Moreover, the study suggests that later marriage does not generally help reverse the negative health consequences of having a first birth outside of marriage. This calls into question the value of government efforts to promote marriage, among low-income, single mothers, at least in terms of their consequences for these women’s health.
In one analysis, Williams and her co-authors used a subset of data from the National Longitudinal Survey of Youth on 3,391 women and a second analysis involved data on 1,150 women. By 2008, they had data on marriages and other unions for a 29-year period, and measures of health and well-being taken when the women were 40.
In general, the results showed that unwed mothers reported poorer health at age 40 than did other mothers. But there were several notable differences between racial and ethnic groups.
Most notably, Hispanic women who had a first child outside marriage did not have the same negative health consequences at age 40 that white and black women did. The researchers suspect that it has to do with the fact that when Hispanic women have a child out of wedlock, it is more likely to occur in a long-term cohabiting relationship that resembles marriage.

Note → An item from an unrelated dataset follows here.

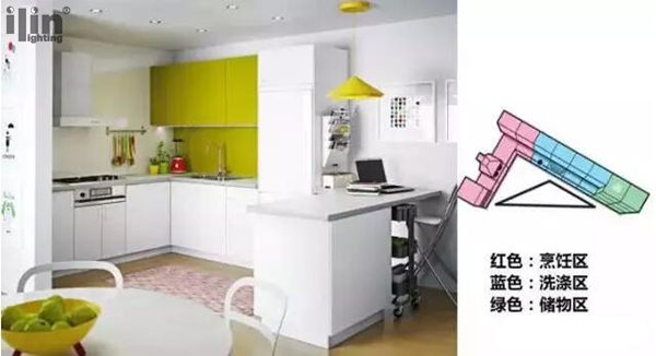 ②不管是哪种类型的厨房,都得在操作台上方安装局部照明灯具,如果有吊柜,可以安装宜琳照明ilin的多种橱柜灯,如柜底灯、柜内灯等等。

Hispanic single mothers may also be a part of larger and more close-knit family networks than single moms from other racial and ethnic groups, which can provide support that protects their health and helps them cope.
It was beyond the scope of this study to determine why unwed mothers in general had poorer health than others. But other research suggests it may be related to the high levels of stress and the poor economic conditions faced by single moms.
Despite high rates of nonmarital childbearing in the United States, little is known about the health of women who have nonmarital births. We use data from the NLSY79 to examine differences in age 40 self-assessed health between women who had a premarital birth and those whose first birth occurred within marriage. We then differentiate women with a premarital first birth according to their subsequent union histories and estimate the effect of marrying or cohabiting versus remaining never-married on midlife self-assessed health. We pay particular attention to the paternity status of a mother’s partner and the stability of marital unions. To partially address selection bias, we employ multivariate propensity score techniques. Results suggest that premarital childbearing is negatively associated with midlife health for white and black women, but not for Hispanic women. We find no evidence that the negative health consequences of nonmarital childbearing are mitigated by either marriage or cohabitation for black women. For other women, only enduring marriage to the child’s biological father is associated with better health than remaining unpartnered.